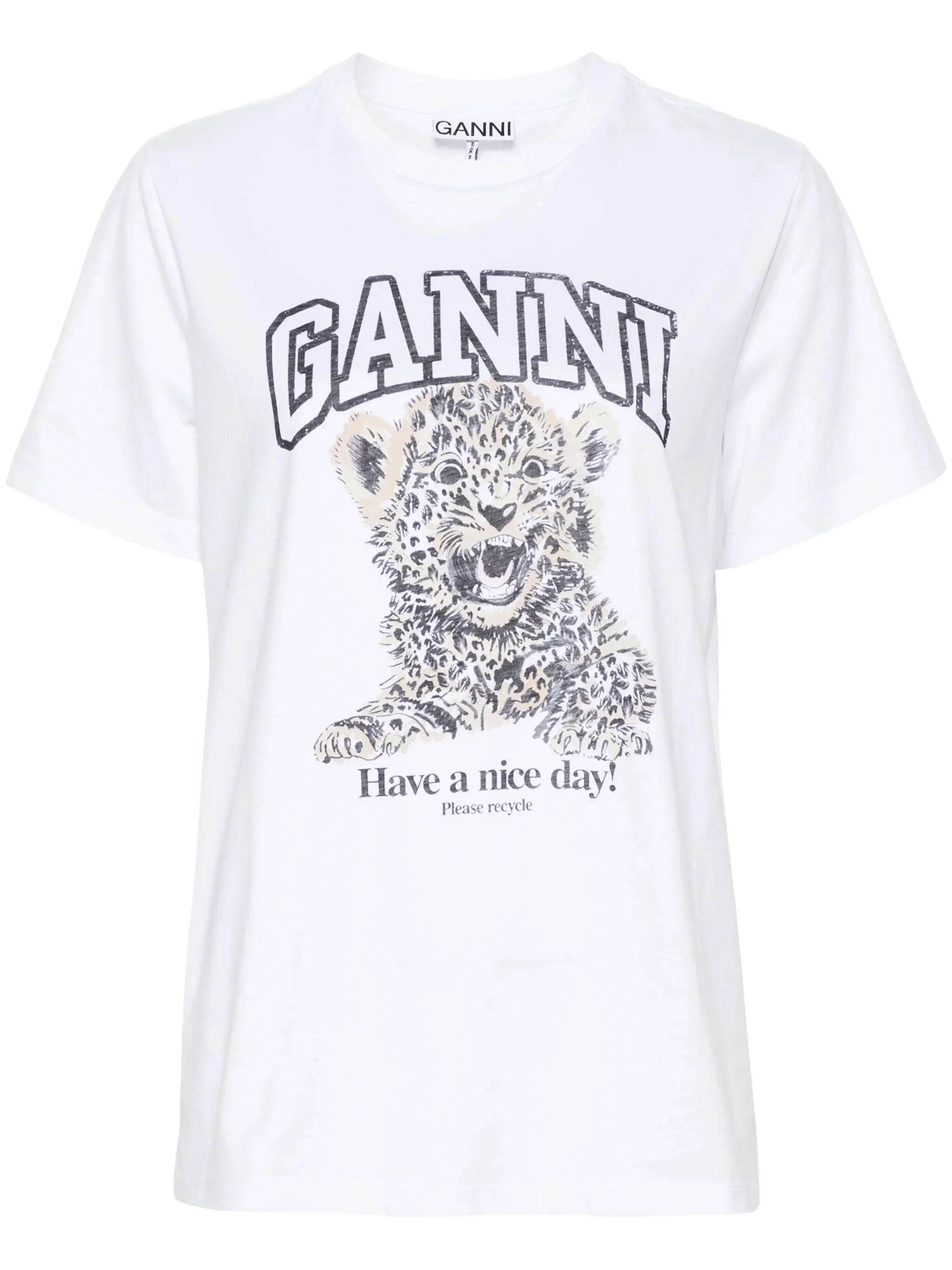 WHITE BASIC JERSEY LEOPARD RELAXED T-SHIRT
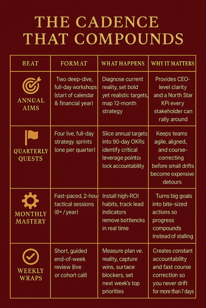 • Monthly Masteries Sessions (2–3 hrs): Lock in one high-leverage habit or capability each month.
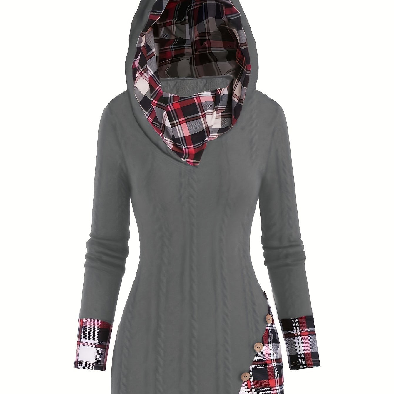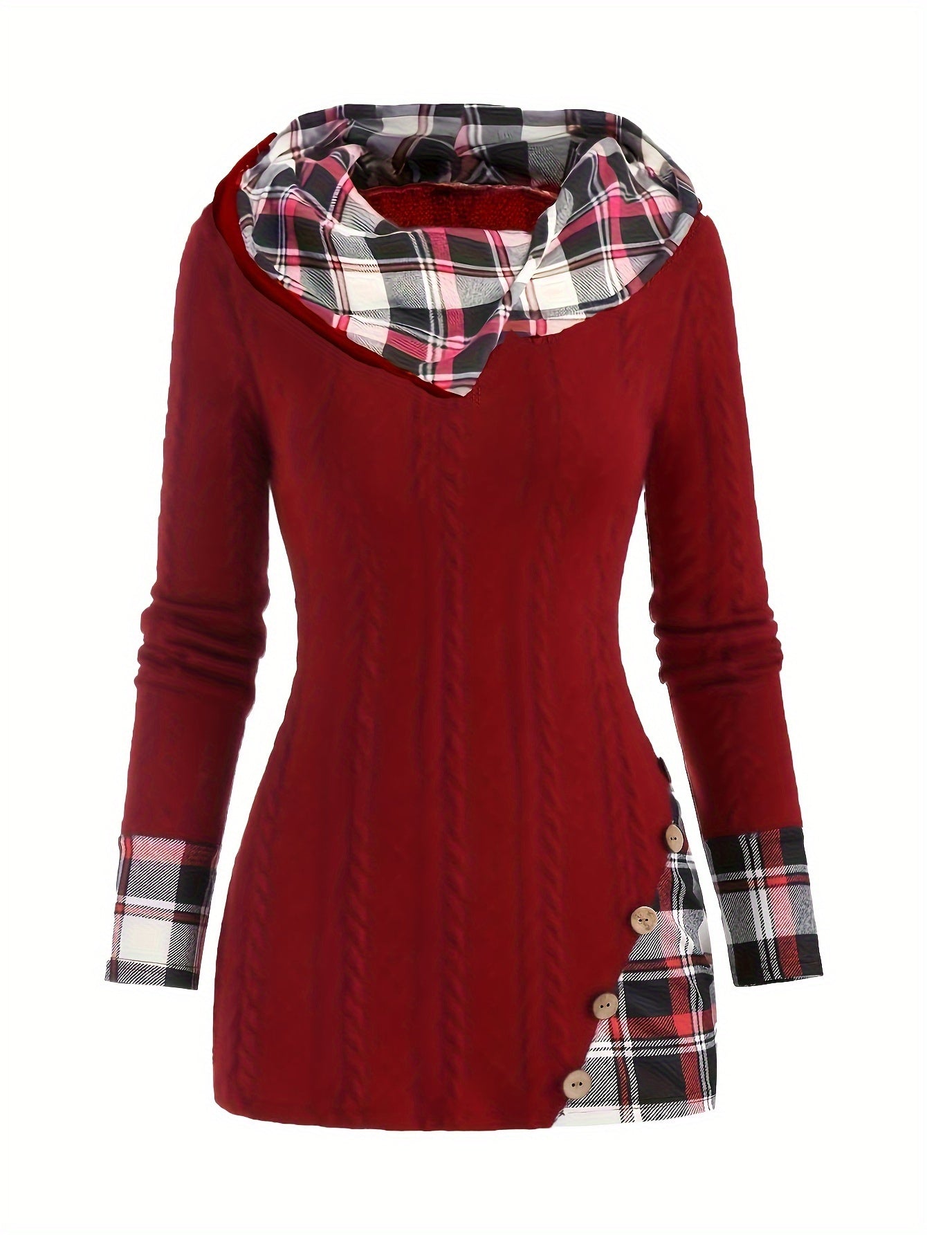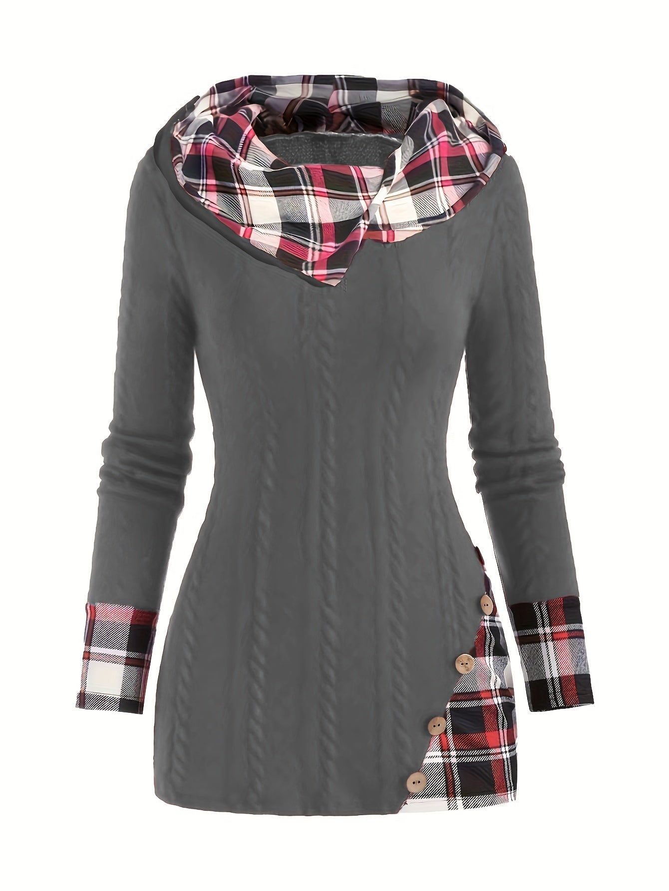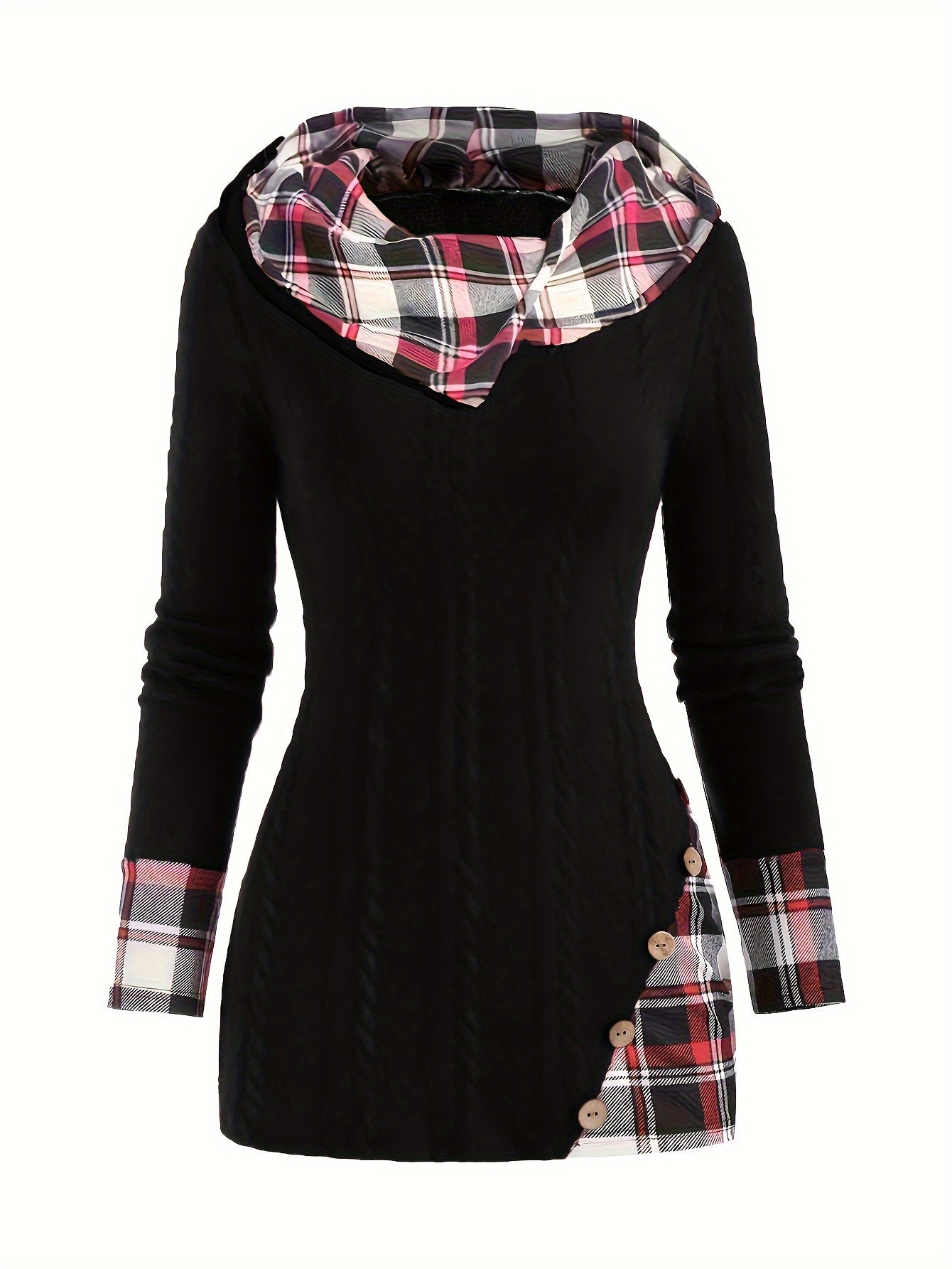 Plaid Cable Knit Hooded Sweater, Button Detail, Casual Long Sleeve
****************
_Task objective:_
Every line above is to be duplicated exactly; no picture should be carried over.

_Answer to the exercise:_
 WHITE BASIC JERSEY LEOPARD RELAXED T-SHIRT
 • Monthly Masteries Sessions (2–3 hrs): Lock in one high-leverage habit or capability each month.
 Plaid Cable Knit Hooded Sweater, Button Detail, Casual Long Sleeve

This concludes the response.